▶ Work instruction: Reproduce only the lines below from the line containing "雲林縣四湖鄉養鵝場大火幾乎付之一炬 。翻攝畫面" to the line containing "2025青岛63制二年级数学", exactly as written, with both end lines kept. Omit the pictures.

::: Data for this exercise :::

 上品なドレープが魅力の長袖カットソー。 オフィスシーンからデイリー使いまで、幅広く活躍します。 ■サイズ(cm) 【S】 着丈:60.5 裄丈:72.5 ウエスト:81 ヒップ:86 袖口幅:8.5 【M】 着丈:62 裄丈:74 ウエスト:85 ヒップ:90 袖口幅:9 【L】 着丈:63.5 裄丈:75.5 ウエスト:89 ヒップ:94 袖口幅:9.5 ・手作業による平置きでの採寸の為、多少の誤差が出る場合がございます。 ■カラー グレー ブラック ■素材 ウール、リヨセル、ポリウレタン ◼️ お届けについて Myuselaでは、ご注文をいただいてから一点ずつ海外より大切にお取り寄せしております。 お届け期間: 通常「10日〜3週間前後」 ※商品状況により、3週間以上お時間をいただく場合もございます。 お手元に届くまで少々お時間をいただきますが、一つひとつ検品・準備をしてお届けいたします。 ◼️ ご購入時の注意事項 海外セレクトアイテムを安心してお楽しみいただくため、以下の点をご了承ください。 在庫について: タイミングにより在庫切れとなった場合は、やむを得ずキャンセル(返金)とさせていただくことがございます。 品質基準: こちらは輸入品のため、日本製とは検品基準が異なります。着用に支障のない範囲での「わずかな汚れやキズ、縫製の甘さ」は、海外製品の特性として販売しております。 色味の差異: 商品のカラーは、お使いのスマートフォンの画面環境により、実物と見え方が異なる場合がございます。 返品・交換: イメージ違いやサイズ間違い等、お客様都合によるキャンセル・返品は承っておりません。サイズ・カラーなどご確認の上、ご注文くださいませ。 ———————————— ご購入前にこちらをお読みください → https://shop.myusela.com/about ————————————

:::
::: Data for this exercise :::

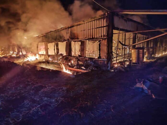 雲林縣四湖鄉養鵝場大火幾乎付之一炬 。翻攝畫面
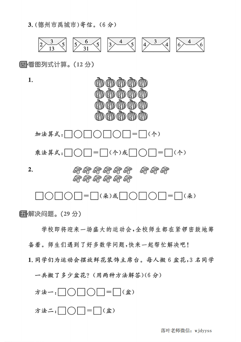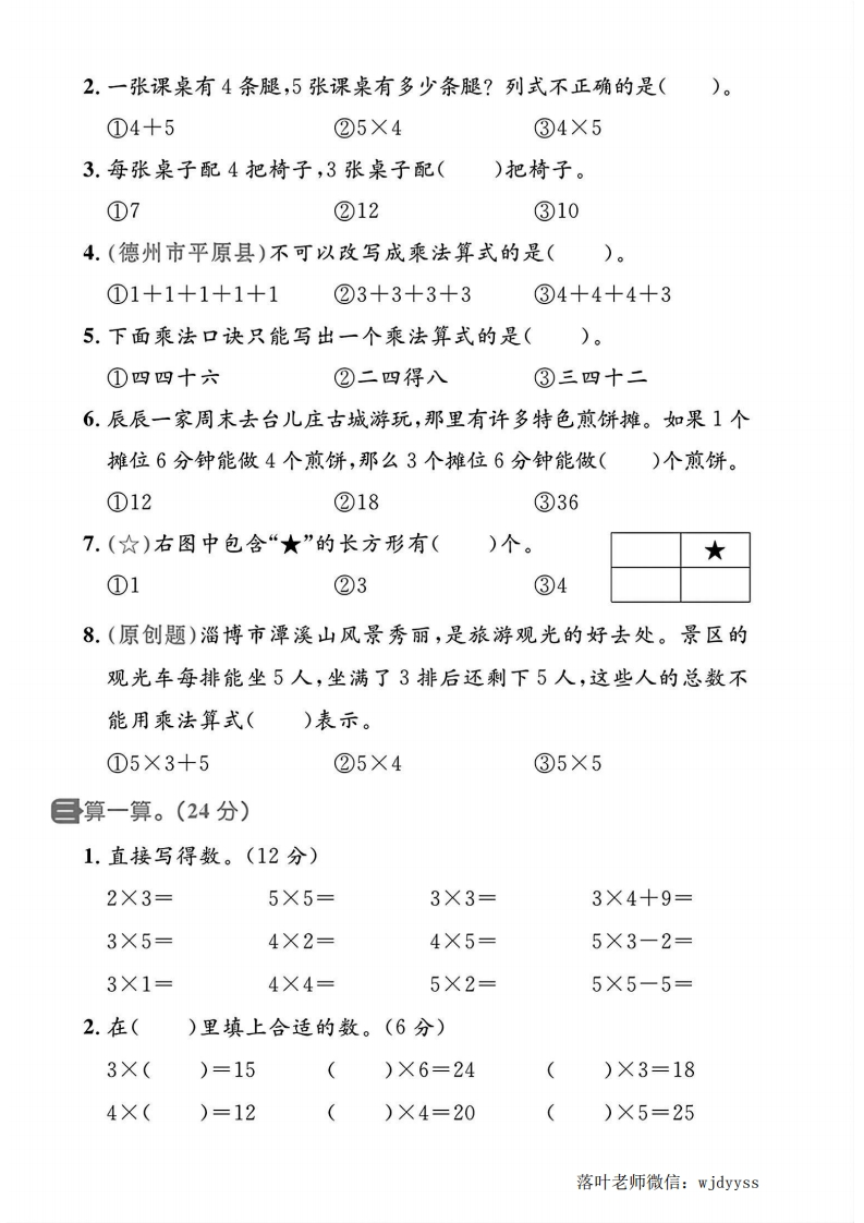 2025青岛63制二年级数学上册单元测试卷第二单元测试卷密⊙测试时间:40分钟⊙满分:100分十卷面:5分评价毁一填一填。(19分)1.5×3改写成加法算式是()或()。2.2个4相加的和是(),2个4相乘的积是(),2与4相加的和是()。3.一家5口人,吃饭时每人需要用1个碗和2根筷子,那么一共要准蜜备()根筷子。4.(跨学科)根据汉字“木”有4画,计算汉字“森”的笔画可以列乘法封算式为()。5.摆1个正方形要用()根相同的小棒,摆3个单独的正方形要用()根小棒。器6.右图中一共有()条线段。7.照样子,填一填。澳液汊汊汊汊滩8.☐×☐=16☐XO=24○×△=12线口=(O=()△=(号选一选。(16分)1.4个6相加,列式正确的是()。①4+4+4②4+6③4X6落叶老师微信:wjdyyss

:::

▶ Response to this exercise:
 雲林縣四湖鄉養鵝場大火幾乎付之一炬 。翻攝畫面
 2025青岛63制二年级数学上册单元测试卷第二单元测试卷密⊙测试时间:40分钟⊙满分:100分十卷面:5分评价毁一填一填。(19分)1.5×3改写成加法算式是()或()。2.2个4相加的和是(),2个4相乘的积是(),2与4相加的和是()。3.一家5口人,吃饭时每人需要用1个碗和2根筷子,那么一共要准蜜备()根筷子。4.(跨学科)根据汉字“木”有4画,计算汉字“森”的笔画可以列乘法封算式为()。5.摆1个正方形要用()根相同的小棒,摆3个单独的正方形要用()根小棒。器6.右图中一共有()条线段。7.照样子,填一填。澳液汊汊汊汊滩8.☐×☐=16☐XO=24○×△=12线口=(O=()△=(号选一选。(16分)1.4个6相加,列式正确的是()。①4+4+4②4+6③4X6落叶老师微信:wjdyyss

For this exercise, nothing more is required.